有没有什么方法可以在 scikit-learn 中找到适合的方法?
有没有可能包括一个类似 派普林德的自定义系统?
If you initialize the model with verbose=1 before calling fit you should get some kind of output indicating the progress.
verbose=1
fit
For example sklearn.ensemble.GradientBoostingClassifer(verbose=1) provides progress output that looks like this:
sklearn.ensemble.GradientBoostingClassifer(verbose=1)
Iter Train Loss Remaining Time 1 1.2811 0.71s 2 1.2595 0.58s 3 1.2402 0.50s 4 1.2263 0.46s 5 1.2121 0.43s 6 1.1999 0.41s 7 1.1876 0.39s 8 1.1761 0.38s 9 1.1673 0.37s 10 1.1591 0.36s 20 1.1021 0.29s 30 1.0511 0.27s 40 1.0116 0.25s 50 0.9830 0.22s 60 0.9581 0.19s 70 0.9377 0.16s 80 0.9169 0.14s 90 0.9049 0.12s 100 0.8973 0.10s
Many models support a verbose argument which gives progress (and sometimes an indication on the rate of convergence).
e.g.
clf = MLPClassifier(verbose=True)
(see MLPClassifier )
If you have a loop outside of the learning model, I recommend tqdm.
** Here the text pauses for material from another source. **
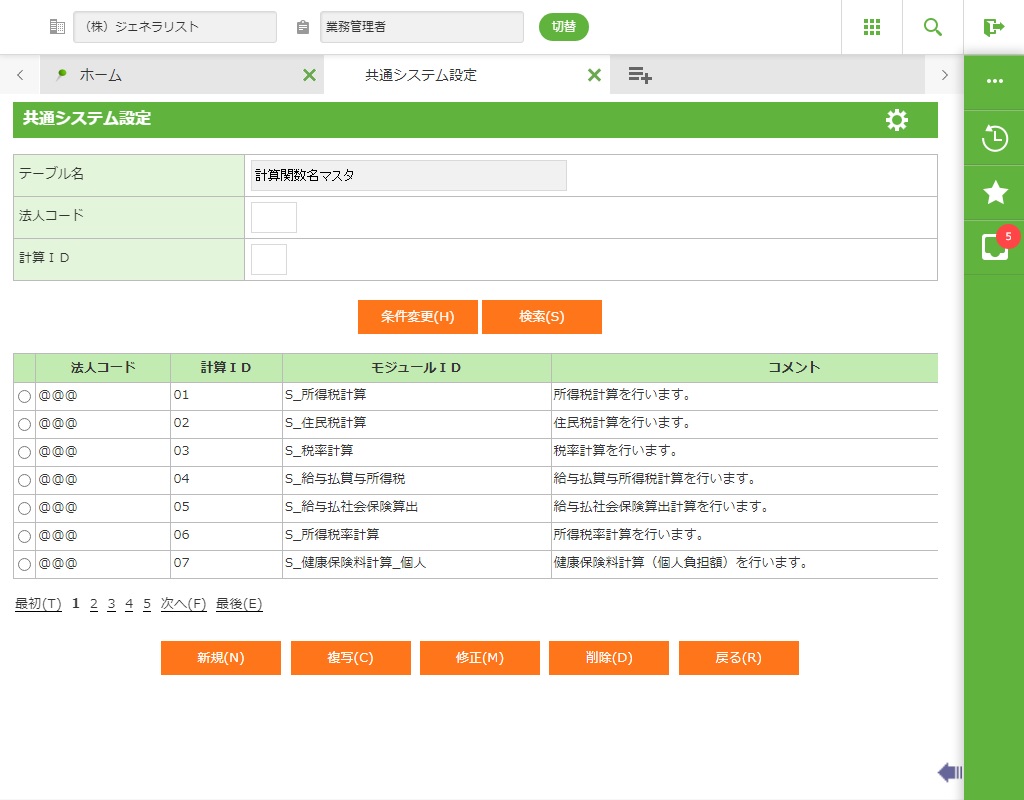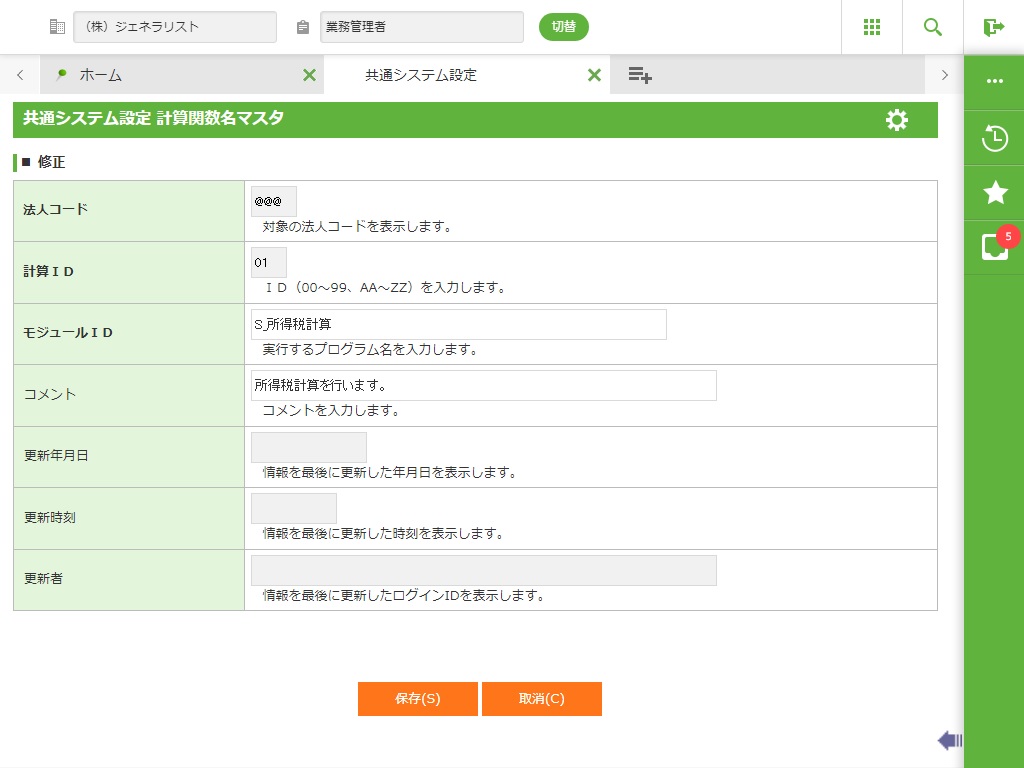 法人コード/計算ID/モジュールID/コメント |

Unfortunately not all scikit-learn models allow the verbose parameter. Off the top of my head I can say these models do not allow verbose parameter (there may be more):
Yet curiously ExtraTreesClassifier which also belongs to sklearn.ensemble (just like AdaBoostClassifier), does allow it.
Looks like not all members of sklearn.ensemble share the same base properties.